For practical implementation, Pixel-SAIL can be built upon existing encoder-free MLLMs like SOLO or EVEv2. The paper demonstrates successful implementations with 0.5B, 3B, and 7B parameter sizes using Qwen2.5 or EVEv2 as the base LLM. Training is performed end-to-end on a diverse "Dataset Engine" combining various sources:

Referring segmentation datasets (RefCOCO/+/g, COCO semantic segmentation, Grandf, MUSE, Pixel2Cap structured as referring segmentation, COCO panoptic segmentation).
Visual prompt understanding datasets (Osprey, Pixel2Cap).
Automatically generated detailed object captions (using SOTA models like InternVL2.5 and Qwen2.5-VL, manually checked).
Standard VQA data (LLaVA-1.5 665k) to maintain general conversation ability.

The training loss is a combination of next token prediction, segmentation loss, and the distillation loss. Implementation details include using DeepSpeed for training efficiency, handling high-resolution images (resizing long side to 1024 while maintaining aspect ratio for SOLO-based models, resizing to 800x800 for EVEv2-based models to reduce cost), and specific hyperparameters for losses.

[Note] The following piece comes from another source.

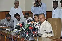 Tamil Nadu Congress Committee president K. V. Thankabalu confirmed the continuation of his party's alliance with DMK on 21 January.[33] DMK pulled out of the ruling coalition at the centre on 5 March amid disagreements with Congress over seat sharing.[34] After three days, the parties struck a deal in which DMK gave in to the demand and allowed Congress to contest in 63 seats.[35] Abdul Rahman, Member of Parliament from Vellore constituency announced the continuation of Indian Union Muslim League's coalition with DMK on 24 January 2011.[36] After meeting Karunanidhi at his home on 16 January, Viduthalai Chiruthaigal Katchi leader Thol. Thirumavalavan said his party will work for the victory of DMK coalition.[37] In a speech given during the wedding of Hindu Religious and Charitable Endowments Minister Periyakaruppan's son in Chennai, Karunanidhi expressed his desire to step down from Chiefministership and continue as the leader of the party.[38] Karunanidhi, during his trip to New Delhi for attending Chief Ministers meeting on 30 January, said that Indian National Congress, Viduthalai Chiruthaigal, Muslim League and Pattali Makkal Katchi are in the DMK coalition.[39] But Ramadoss, the leader of PMK denied that and said no final decision has been taken on coalition.[40] However PMK later joined the DMK alliance and was allotted 31 seats. It was later reduced to 30 to accommodate Congress which was firm on contesting 63 seats. Mylapore MLA and actor-turned politician S. V. Shekhar, joined Congress on 6 February 2011 after being expelled from AIADMK in 2009.[41] Although Mylapore constituency was allotted to congress party, it did not give the chance to S.V. Shekhar. Instead the party allotted it to Jayanthi Thangabalu, the wife of TN Congress president K.V. Thangabalu. However her nomination was rejected by election commission citing incomplete submission of relevant documents. The nomination of K.V. Thangabalu, who was the replacement candidate was accepted making him the official congress candidate.[42]
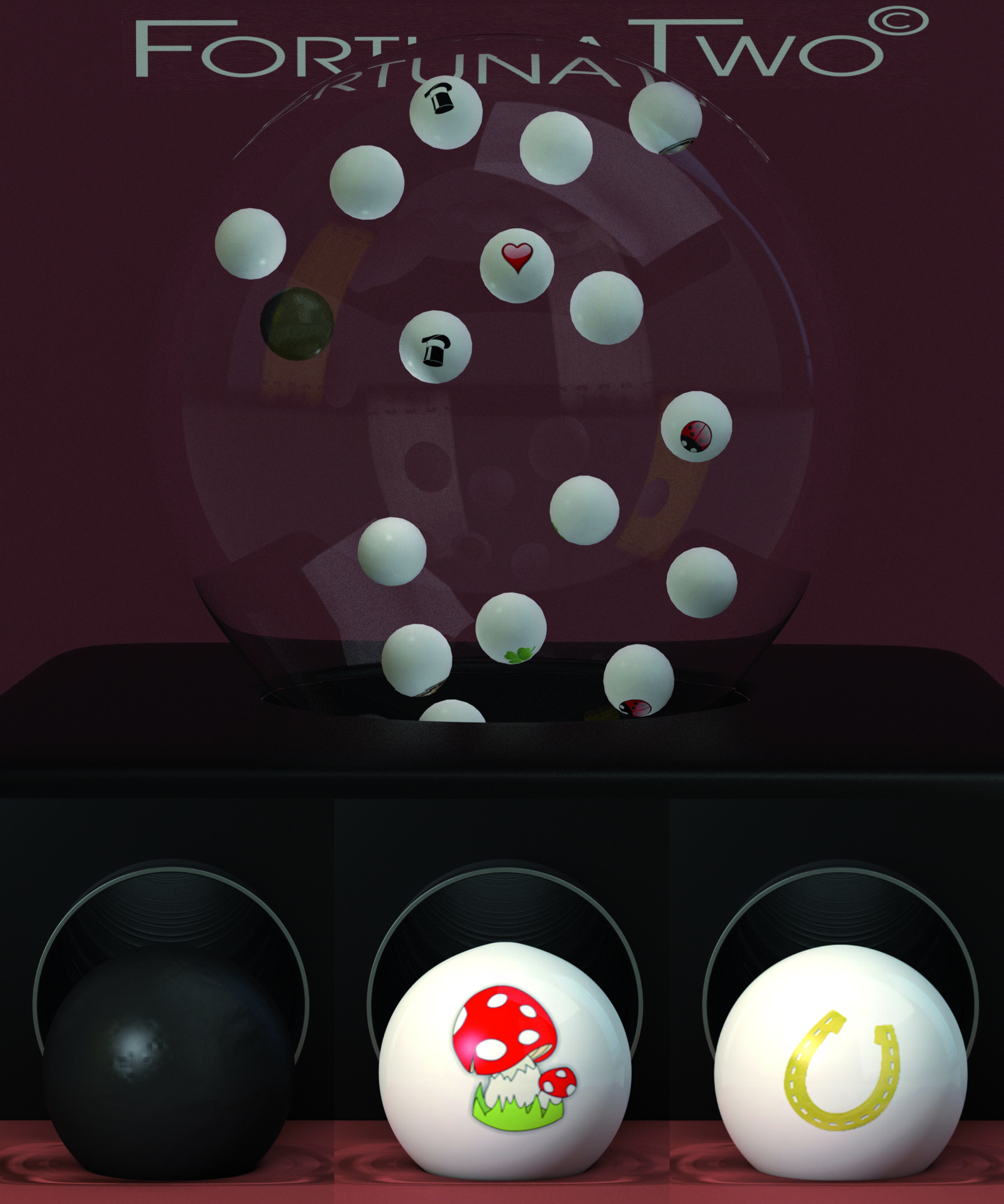 Der Bankvorteil wird durch ein achtes Symbol, das ebenfalls mit dem Zufallsgenerator gezogenwird, gewährleistet. Dieseswird bei der 3D- Animation mittels einer schwarzen Kugel dargestellt.

To benchmark performance comprehensively, the authors introduce PerBench, a new pixel-grounded understanding benchmark. PerBench addresses limitations of existing benchmarks by including:

Detailed object caption: Requires generating fine-grained descriptions, evaluated by METEOR.
Visual prompt-based Multiple Choice Question (MCQ): Assesses understanding of referenced objects' attributes and relationships in a quantitative, multi-choice format, evaluated by Accuracy.
Visual-Text Referring Segmentation (V-T RES): Requires segmenting objects specified by both visual prompts and text, evaluating complex joint understanding via cIoU and gIoU.

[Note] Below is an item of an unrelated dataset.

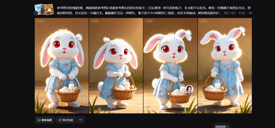 网址:https://jimeng.jianying.com/ai-tool/generate/?type=image图片模型选择图片4.0上传我们下载好的ip形象图片和对标图片作为参考图,输入豆包给我们生成ip形象提示词和画面提示词进行生图,提示词:参考图1的外貌形象,画面风格参考图2,一只圆滚滚的拟人化橘色猫咪,毛发软软的。他有像小云朵一样的白色肚皮,尖粉色的耳朵尖带着小黑点,还有两只像绿宝石一样的大圆眼睛。他脖子上总系着一个黄色小领结,尾巴毛茸茸的,兴奋时就会不停甩动。在长椅上伸着懒腰,舔着爪子
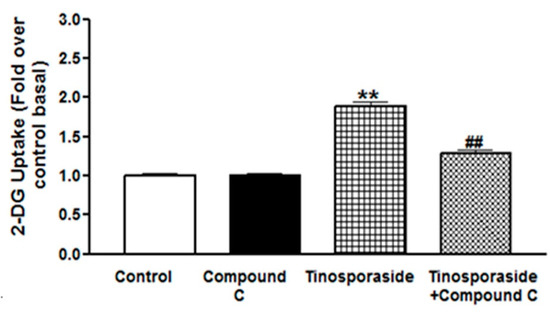 Effect of Compound C on tinosporaside-induced glucose uptake in L6 myotubes. L6 myotubes were treated with tinosporaside in the absence or presence of compound C for 30 min, which was followed by the determination of 2-DG uptake. Results shown are mean ± SE of three independent experiments. ** p < 0.01, relative to control; ## p < 0.01, relative to the tinosporaside treated group.

Experimental results show Pixel-SAIL's effectiveness. Even the smaller 0.5B Pixel-SAIL model outperforms larger 7B MLLMs with experts (like LISA-7B) on standard referring segmentation benchmarks (RefCOCO/+/g) and visual prompt understanding (region caption METEOR on RefCOCOg). The 3B Pixel-SAIL model achieves state-of-the-art results, surpassing even larger models like Sa2VA-4B, GLaMM-7B, and OMG-LLaVA-7B on these tasks and on the challenging PerBench, demonstrating stronger detailed captioning, MCQ accuracy, and V-T RES capability. Ablation studies confirm the critical contribution of each proposed component and the importance of data scaling. Visualizations show that Pixel-SAIL learns denser, more discriminative visual features compared to the base encoder-free models.

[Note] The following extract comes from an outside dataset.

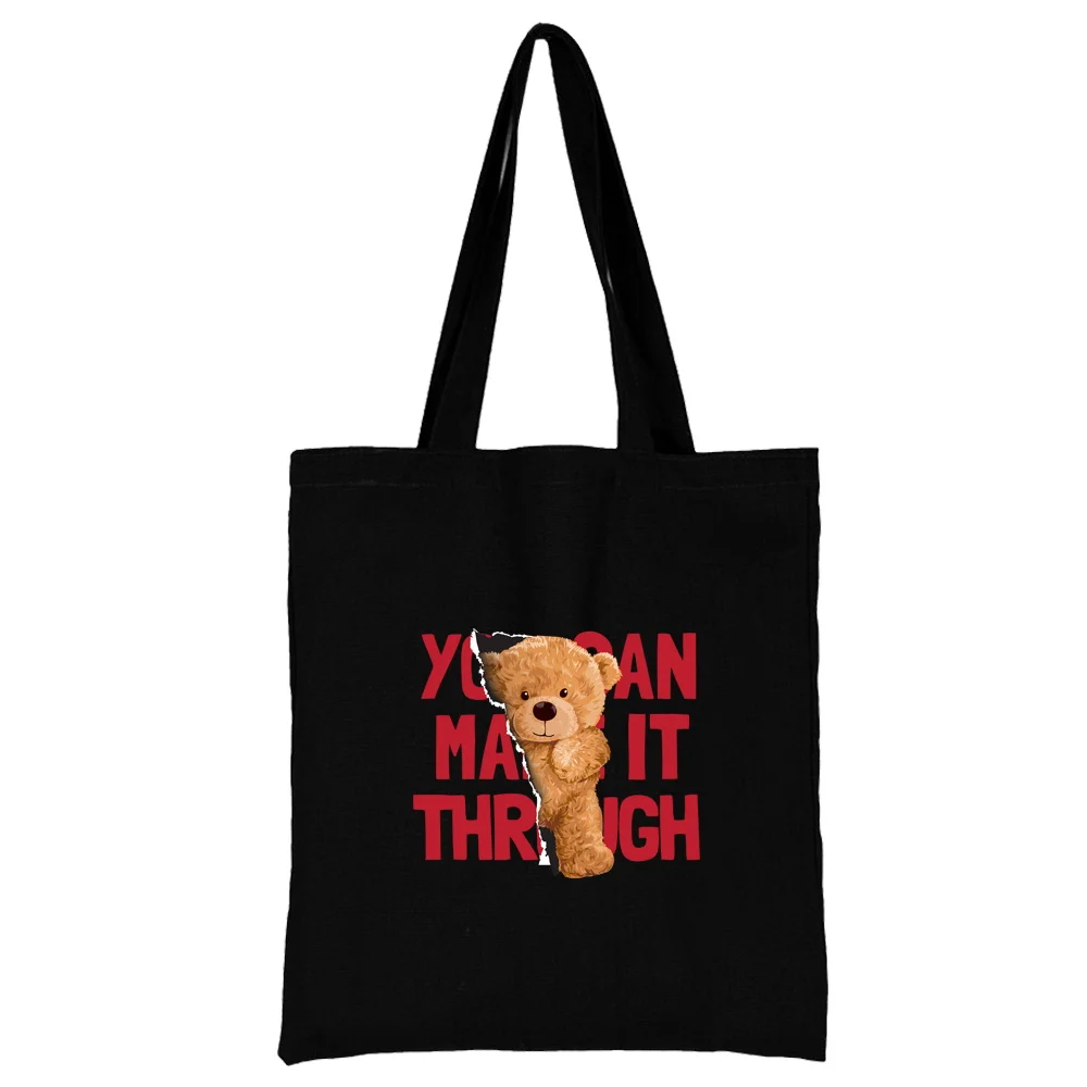 Холщовая сумка-шоппер с милым медведем, вместительные Женские сумки...

The paper highlights that Pixel-SAIL's main limitation is the scale of the current training data (less than 2M samples), suggesting that performance could be further improved by training on larger datasets, potentially billion-level masks and visual prompts, similar to those used for training large vision models or segmentors. The simple single-transformer architecture provides a promising direction for building efficient and capable pixel-grounded MLLMs for real-world applications requiring fine-grained visual understanding and interaction.